Man who had 3 hearts leaves hospital

(AP)
Updated: 2007-03-23 07:12

PHILADELPHIA - A 46-year-old man whose body was powered by three separate hearts in the span of a month walked out of the hospital Thursday and said he felt like competing in a triathlon. "I feel like a million dollars, actually," said patient Gary Onufer. "I feel like a whole new person."


Gary Onufer and his wife, Joan, walk outside the University of Pennsylvania Hospital in Philadelphia, Thursday, March 22, 2007. The 46-year-old man has had three separate hearts in less than a month. [AP]
Accompanied by his wife and hospital staff, Onufer took slow steps out of the Hospital of the University of Pennsylvania as a donor heart beat in his thin frame. The organ replaced a temporary "Total Artificial Heart," a mechanical device that doctors said Onufer was the first person to receive in the Northeast.

"I feel like I could do a triathlon right now," said Onufer, an insurance agent from Ambler.

Onufer was "deathly ill" when he arrived at the Penn hospital on Feb. 1, said Dr. Michael Acker, one of his surgeons. Though doctors still aren't sure why, the seemingly healthy and active man was suffering from congestive heart failure and needed a new organ.

Most patients in that situation would have a device implanted in their ailing hearts to keep them alive until a donor can be found, health officials said.
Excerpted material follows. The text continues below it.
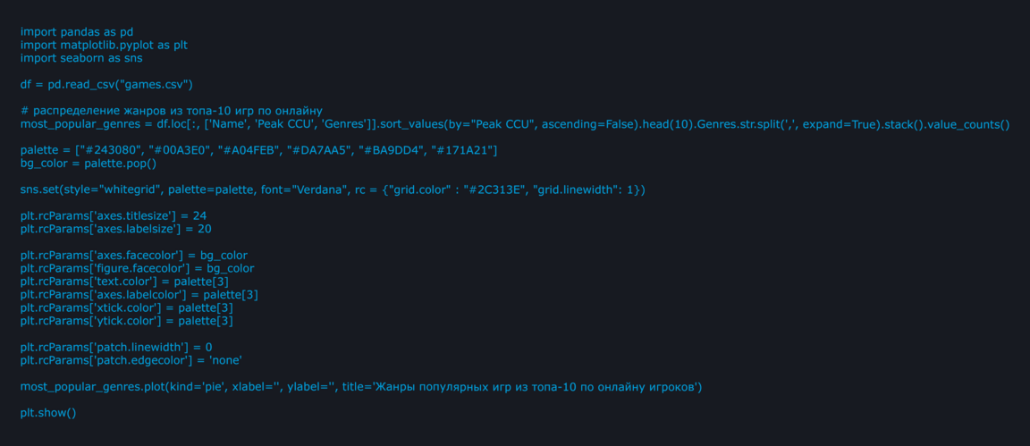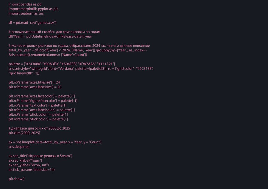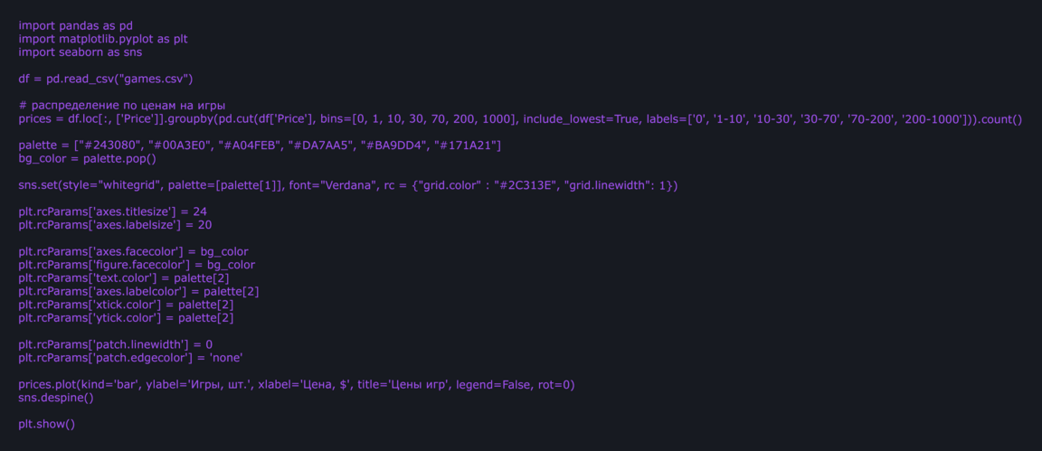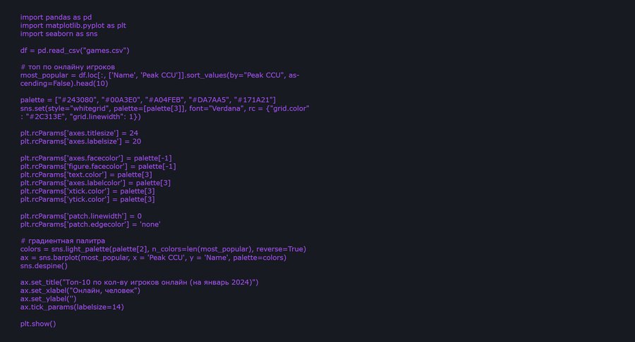 Необходимый датасет с информацией об играх Steam был скачан с сайта HuggingFace. В начале каждой программы я загружаю библиотеки pandas, matplotlib и seaborn и сам датасет.

But doctors thought Onufer's heart, even with artificial help, was too weak to last the two months Acker said is normally needed to find a donor.

So they asked Onufer if he wanted to be a pioneer of sorts by undergoing the region's first implant of the Total Artificial Heart, made by Arizona-based SynCardia Systems.

Onufer said yes.

"My choices were very limited," he said Thursday. "I would have slowly died."

The apparatus, approved by the federal Food and Drug Administration in October 2004, is a modern version of the one invented by Dr. Robert Jarvik and first implanted in a patient 25 years ago.

On Feb. 12, doctors removed Onufer's failing heart in a six-hour procedure and replaced it with a Total Artificial Heart. Though it still required Onufer to stay at the hospital, the "bridge to transplant" allowed him to exercise and, essentially, heal the damage caused by his old heart while he awaited a donor.

"That's what was very exciting to us," said Acker.

Because Onufer's artificial heart worked so well, doctors could be more choosy in finding the right match for him, Acker said. It turned out that a suitable organ for Onufer came along 28 days after the artificial heart was implanted.

Onufer underwent a transplant March 11. Eleven days later, he was walking out of the hospital, holding a lucky Tin Man charm that had been given to him by a nurse. The character from "The Wizard of Oz" also needed a heart.

The past month has virtually been a blur, he said.

"It was like riding by the seat of my pants at 110 miles per hour," said Onufer.

His wife Joan agreed.

"It still hasn't sunk in," she said. "I'm just thankful that he's alive."